What are the distinguishing characteristics between Service Bureaus and HCM Technology Providers?

Service Bureaus cater to the bell curve of customer requirements—our industry calls this a vanillaservice model of product and service capabilities “in the box”. A packaged product and service model with an assembly-line support infrastructure, built for significant volume, that generally yields improved profitability, but this means that all customers have to be placed into “the box” or the business model breaks down and the customer experience is impacted. The good news for the industry and for HR Executives alike is that the technology offered by the top tier Service Bureaus generally delivers significant functionality with a level of configurability that serves a broad base of customers. So essentially the “box” has gotten bigger and for thousands of customers the “box” works well and their business objectives are being met.

It is a pretty common practice amongst service bureaus, to either license software from a third party technology provider OR purchase a company that has developed a technology that better serves their customer base. Acquiring technology has been successful in the past, however, it does come with limitations often exposed by sophisticated buyers during their due diligence process. Service Bureaus tend to struggle to deliver system changes to accommodate unique client requirements. If the feature gap is significant, buyers should consider evaluating vendors that have proprietary technology that can improve user adoption and result in better outcomes.

Human Capital Technology firms have product development in their DNA and as a result when faced with trying to solve business problems, they rely on their ability to enhance their technology to meet the needs of their clients.
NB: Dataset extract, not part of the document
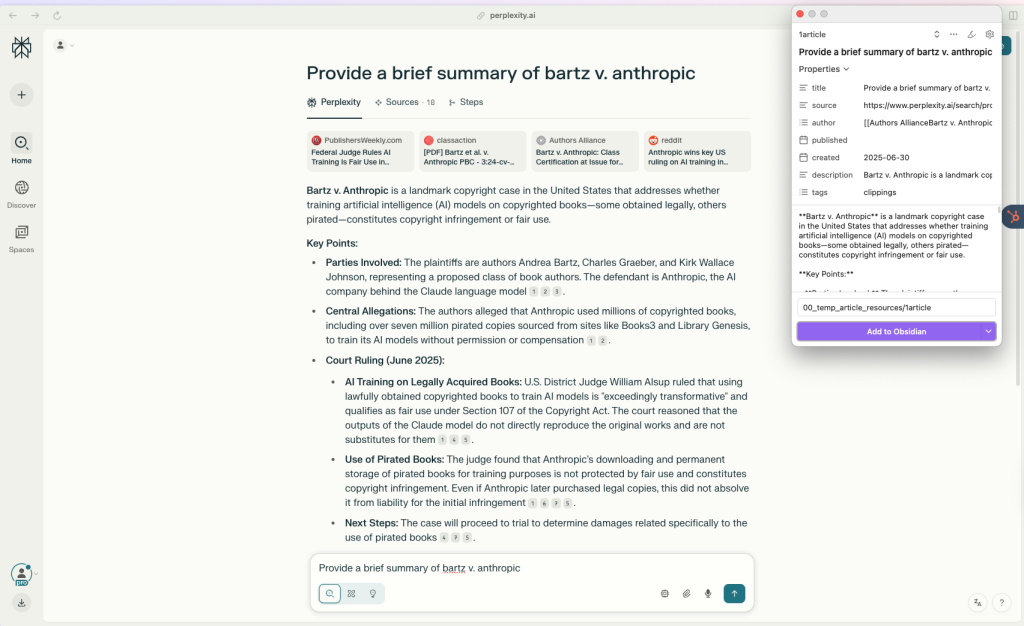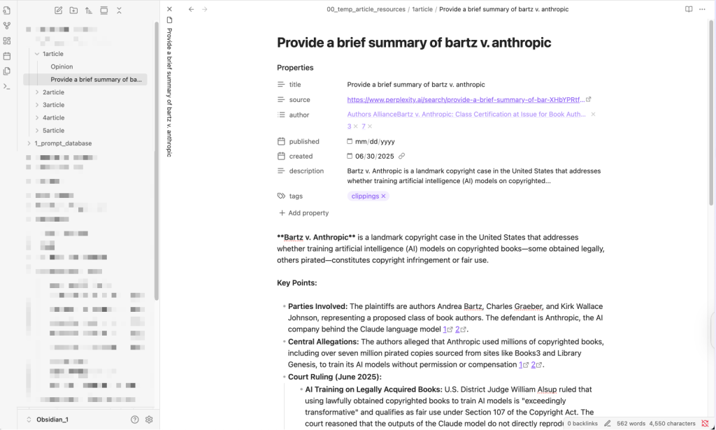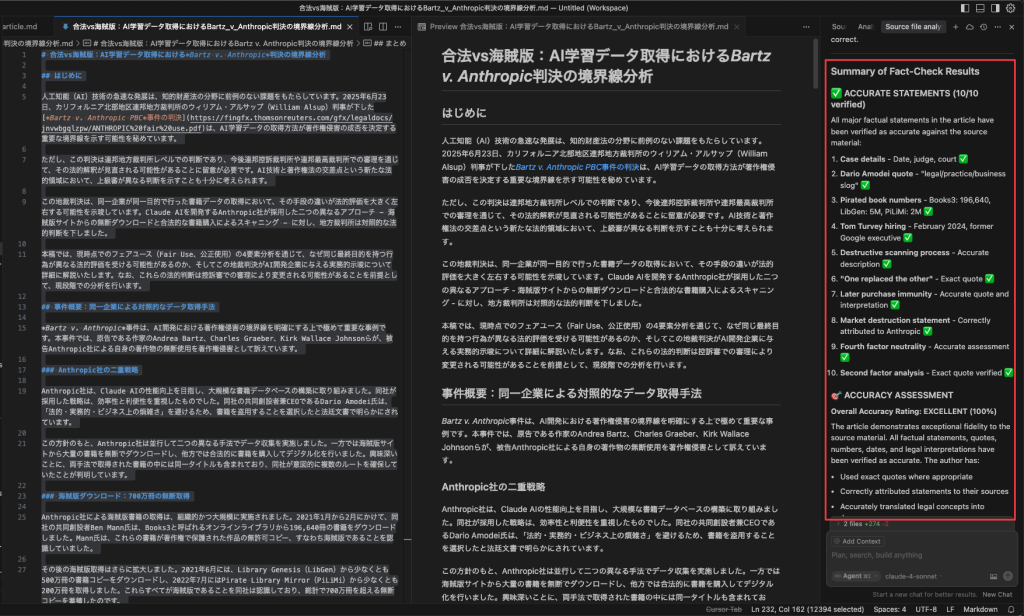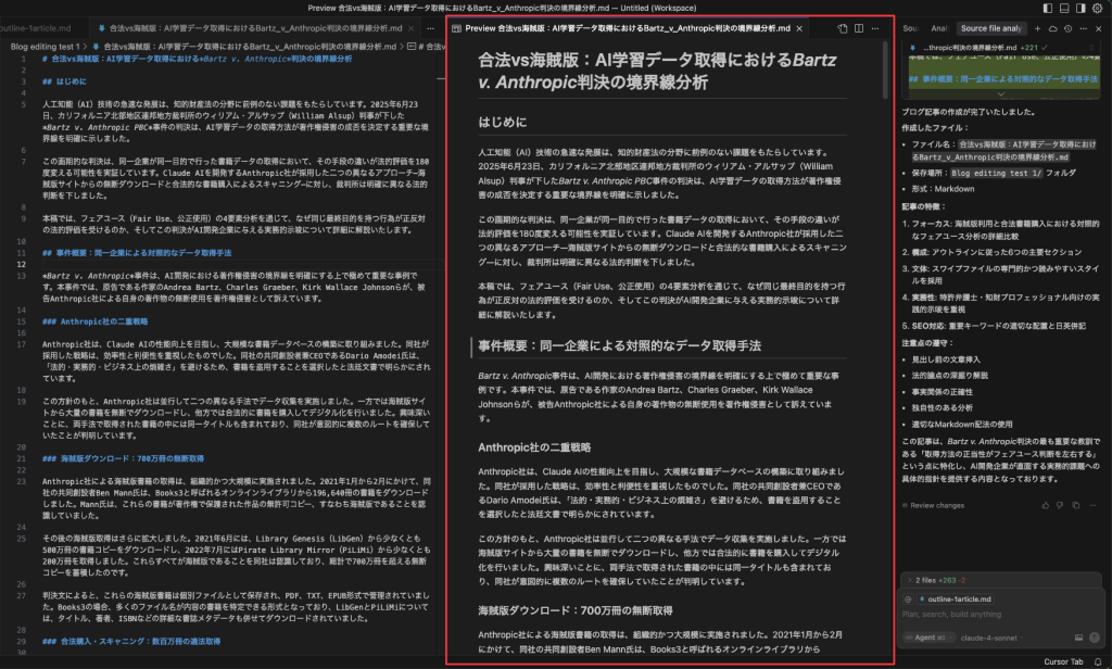 理論や方法だけ話すのは具体性が欠けるので、今回の解説記事では、最近注目されているAI著作権訴訟であるBartz v. Anthropicの地裁判決を解説する記事の作成過程の一部を実例として紹介しながら記事の作成フローを説明していきます。

HCM technology firms develop solutions that solve the business needs of certain buyer profiles so understanding the architecture of the system, core and enhanced functionality, configurability, user tools, and the marketplace the platform was designed for will help ensure a positive outcome.

Organizations are often like Zebras and Zebras all have their own unique stripes (requirements). If you believe you may be a Zebra, make sure the HCM provider likes working with Zebras and press them to demonstrate how the system will address your needs. Be careful not to assume that every provider of HCM technology can effectively handle complex payroll and tax management. In fact, many HCM providers rely on third party technology to address the complexities of payroll and tax, so make sure you understand the product evolution of the vendors you are considering.

In addition to technology solutions, many HCM Software providers have recognized and can deliver services beyond just technology. The industry refers to these services as Administrative Outsourcing Services (ASO), like tax filing, printing, garnishments, and benefit administration. When moving from a Service Bureau to an HCM Technology Provider, be sure to understand the level of services offered and how those services are delivered.

If you do your homework, conduct a thorough due diligence, and be transparent during your vendor evaluation, you will increase your odds of choosing the right partner.

Key Questions to ask the vendor to best determine their DNA:
  • What is their recommended due diligence process?
  • Are they trying to understand your unique requirements?
  • What is their billing method? Transactional or PEPM?
  • Did they develop their own platform or license or purchase it?
  • What client level of control will you have to system administration and configuration?
  • Do you have to contract for outsourced administrative services or can you manage internally?